Les soldes s’achèveront le 19 février, sauf à Saint-Pierre et Miquelon et dans certains départements à l’Est du pays. « Nous, on finit les soldes plus tôt que chez vous. Chez nous, le 12 février au soir, c’est plié. Encore une preuve que vous êtes des fainéants, les gens de Paris, ainsi que ceux du Centre, du Nord, de l’Ouest et du Sud du pays. Nous, dans l’Est, on ne perd pas de temps. On commence tôt et on termine encore plus tôt. Mais attention, des fois, on se repose.Ce n’est pas la course à la productivité et au rendement tout le temps. Ça nous arrive de lever le pied et même de faire des grasses matinées jusqu’à 7 heures du matin. On n’est pas des robots montés sur jambes non plus. Il faut arrêter avec les clichés propagés par des fainéants qui travaillent uniquement 35 heures par semaine », assure un habitant de Moselle, qui carbure à une moyenne de 80 heures de travail par semaine, en basse saison. D’ici-là, les Gilets jaunes se ruent dans les magasins qui font bénéficier leur clientèle de tarifs avantageux pour leurs porte-monnaie.
« Tu as l’air exténué »
« Vous êtes toujours pressés en métropole. Faites comme nous, prenez le temps de vivre, savourez l’instant. Ne vous étonnez pas si vous êtes toujours irritables et irrités, vous, les habitants du continent. Termine ton verre de punch, Doudou, me conseille un aimable saint-pierrais. Allez !. Ça va te remonter le moral. Tu en as bien besoin, regarde comme tu as l’air exténué. T’es toujours au milieu des manifs à Paris, Nantes ou Bordeaux, avec tes yeux qui piquent à cause des lacrymogènes. Je te ressers un ti’coup et ne dis pas non à mon invitation, ça me fait plaisir, en plus. A ton visage, je vois que tu es surmené. Prends un maillot de bain, va bronzer sur notre belle plage et va faire quelques brasses pour te détendre. ici, à Saint-Pierre et Miquelon, nous aussi, on galère, mais on prend le temps de souffler un peu. L’eau est à 28°, ça serait dommage de ne pas en profiter en plein mois de janvier ».

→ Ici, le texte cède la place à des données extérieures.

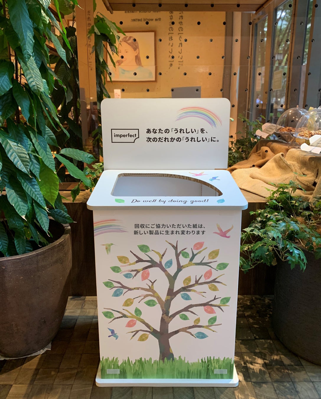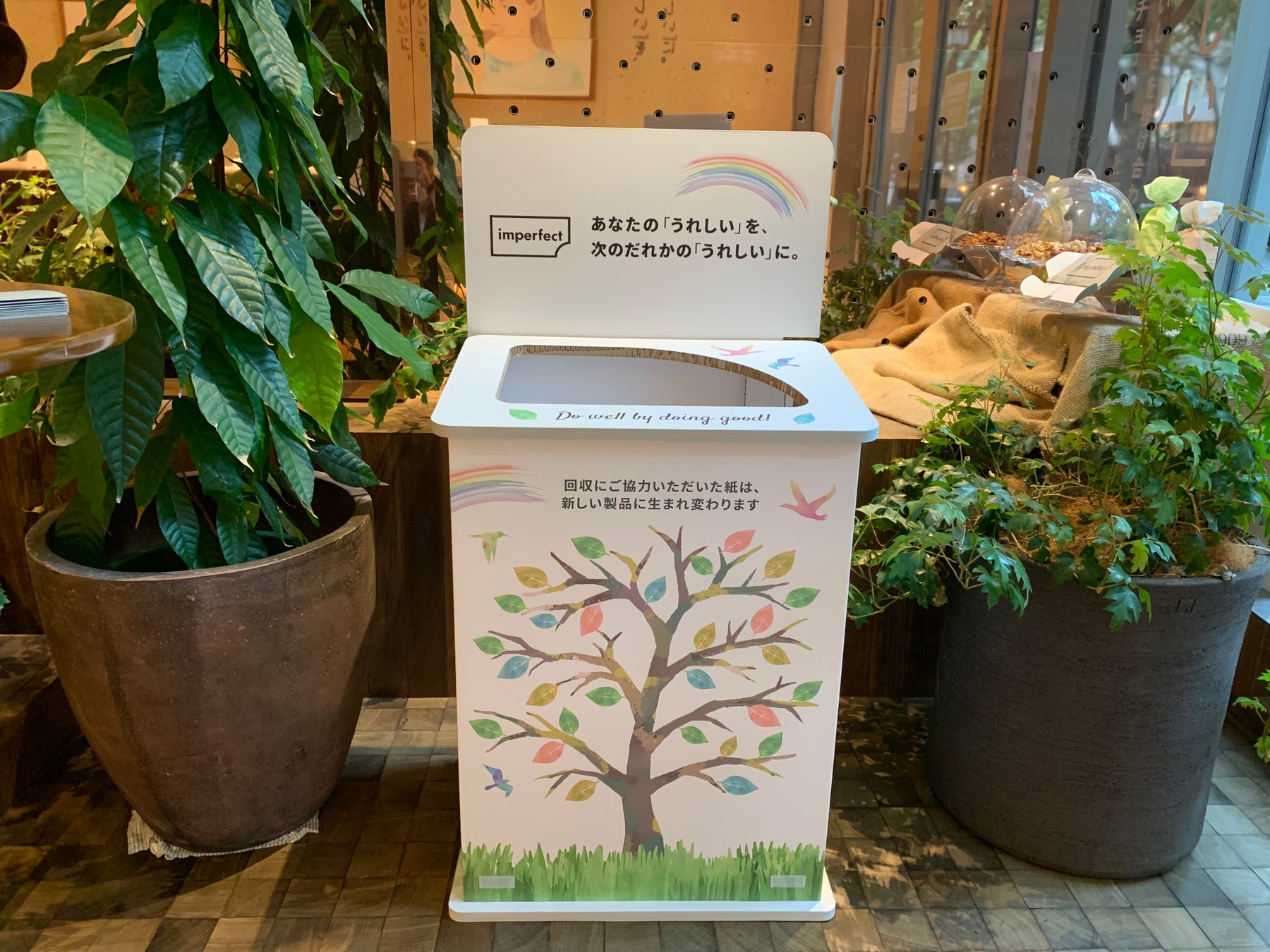 imperfect表参道店舗に設置した回収ボックス。全て紙でできています。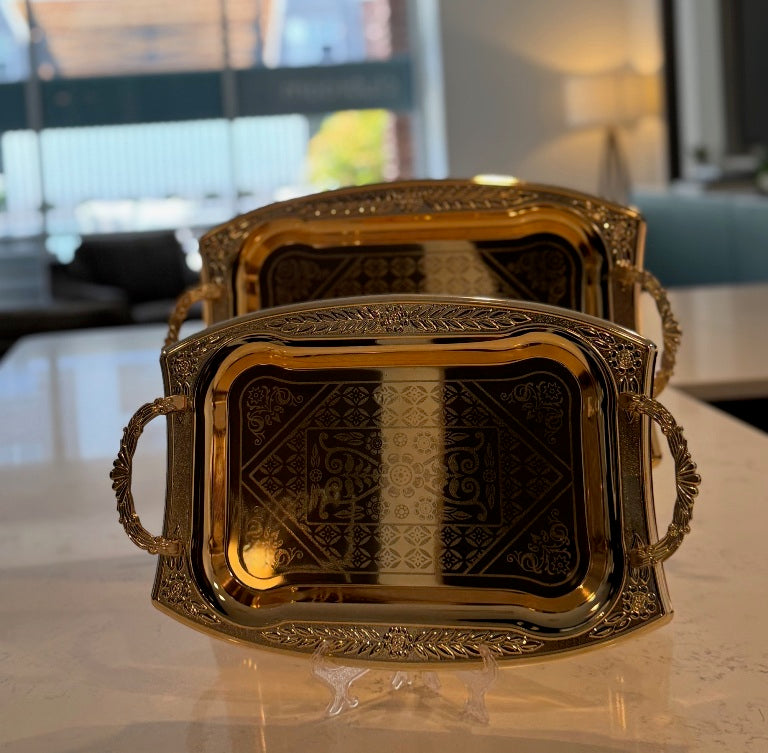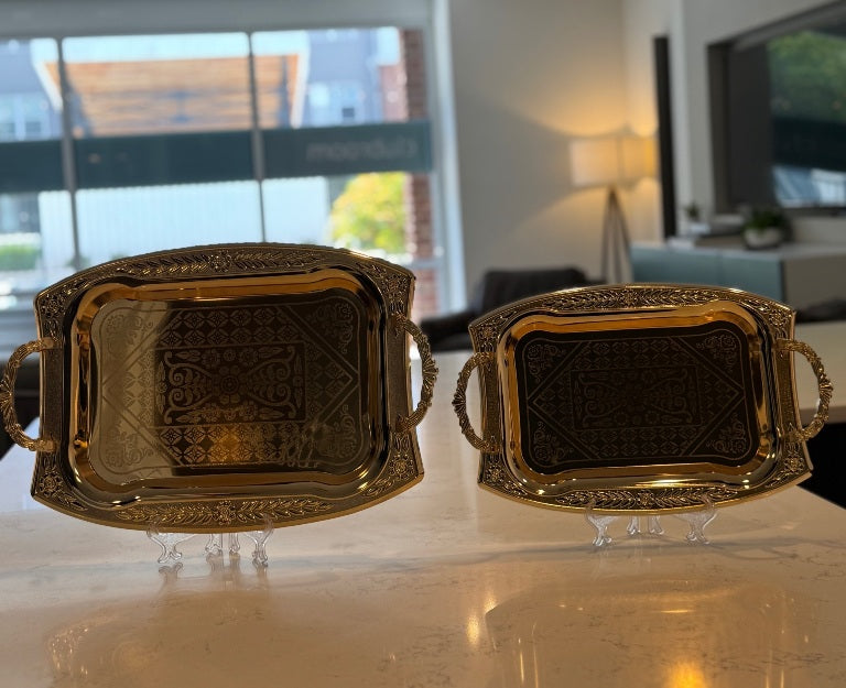 l34 - 2-Piece Stainless Steel Serving Tray Set – Royal Gold Finish

« Quitter nos ronds-points pour faire les emplettes low-cost »
Cependant, d’irréductibles Gilets jaunes ne s’adonneront pas à cette vague de shopping hivernal. Ils ont décidé de manifester, malgré tout. « Irréductibles, irréductibles, il ne faut pas exagérer, mais ce compliment nous fait plaisir, merci quand même. On est un petit peu irréductibles, c’est vrai, mais on est surtout fauchés. C’est pour ça qu’on ne peut pas quitter nos ronds-points pour faire les emplettes low-cost. Même avec leurs -90%, on n’a pas assez de blé pour payer les 10% restants », prévient un Gilet jaune qui sera présent tous les samedis prochains durant les manifestations parisiennes.